Best Management Practices & Pollution Prevention
Enclosed doctor blade systems (sometimes called chambered doctor blade systems) improve print quality and provide environmental benefits, along with environmental compliance advantages. Adding an enclosed doctor blade assembly to an older press or buying new equipment with the systems as standard equipment can reduce emissions of air pollutants. Use of enclosed doctor blades systems has been recognized a pollution prevention technology by the U.S. EPA.
While the press is idling idle, comparing a traditional two-roll ink feed system to an enclosed doctor blade system VOC emissions can be reduced by as much as 50 percent using the enclosed doctor blade system. During press operation, this difference is somewhat less, but still significant, at nearly 20 percent reduction in VOC emissions while using the enclosed doctor blade system. The enclosed system also reduces worker exposure to VOC emissions.
Some doctor blade systems are automated for wash-up while the doctor blade remains in the printing position. Automated cleaning systems can further reduce waste in several ways. Most systems utilize a first stage recirculation wash mode where used dirty water/solvent is used to do the initial cleaning. This dirty water/solvent is returned to a common tank after each wash and can be reused many times. If done properly, this first stage wash actually can do most of the cleaning. Clean water/solvent is used for a final rinse only.
For access to vendors who may supply alternative materials and equipment, see the PNEAC Vendor Directory.

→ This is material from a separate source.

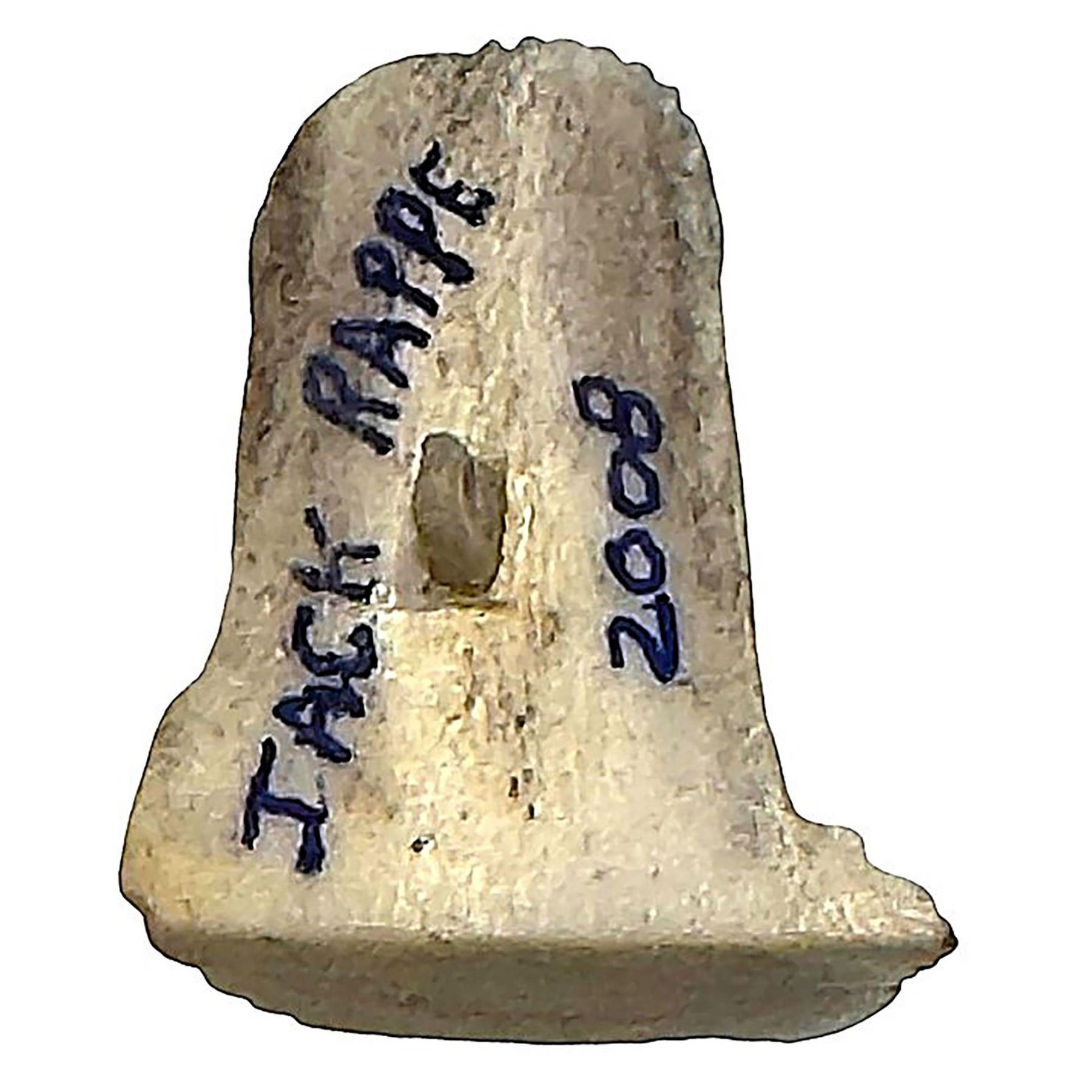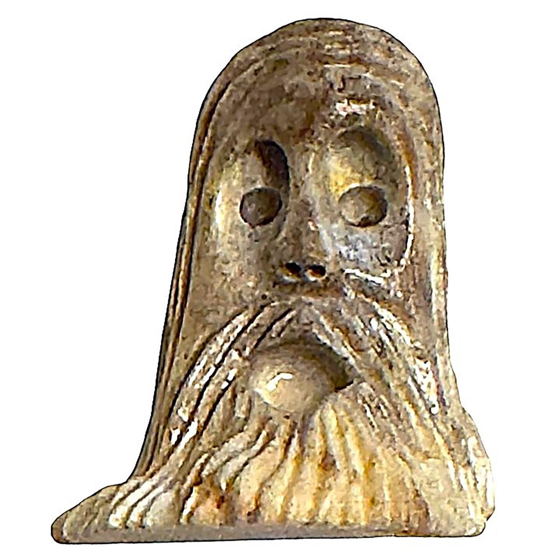 1 Large 21st century hand made Antler Bigfoot button. This carved Antler appears to be depicting either a man in the tree or a Bigfoot. It is signed and dated on the back. From the eclectic collection of Nikki Deal of Missouri.

VOCs and HAPs may be emitted from the inks being used. For more information see the Ink (hyperlink) section. Waste Water
If using water based inks, water containing ink and cleaning compounds are generated during the process of cleaning the ink metering systems parts. The wastewater may be restricted from discharging into the sanitary sewer depending on the type of inks and cleaning products used. Depending on the pigments in the waste (regulated metals) the waste may be classified as hazardous). The regulated metals differ among each state.
If using solvent, UV or EB curable inks wastes containing ink and cleaning solvent are generated during the process of cleaning the ink metering systems parts. The waste may be considered a hazardous waste due to flash point, F-listed solvents, or pigments, which may contain regulated metals. The regulated metals differ among each state.
Health & Safety
Many flexographic printing presses are equipped with metal doctor blades. This thin metal strip is sharp when new, and can become razor sharp after being used. Extreme care must be taken when cleaning or installing new blades in the blade holders. Wearing steel or fiber mesh gloves will prevent cuts. Plastic gloves are a poor alternative.
Doctor blades should be properly disposed of after removal. Since they are extremely sharp, blades should never be put in any container that a co-worker may reach into unknowingly.
Extreme caution must be used during press wash-ups. Usually wash-ups are done with cloth or paper rags that are easily cut by doctor blades.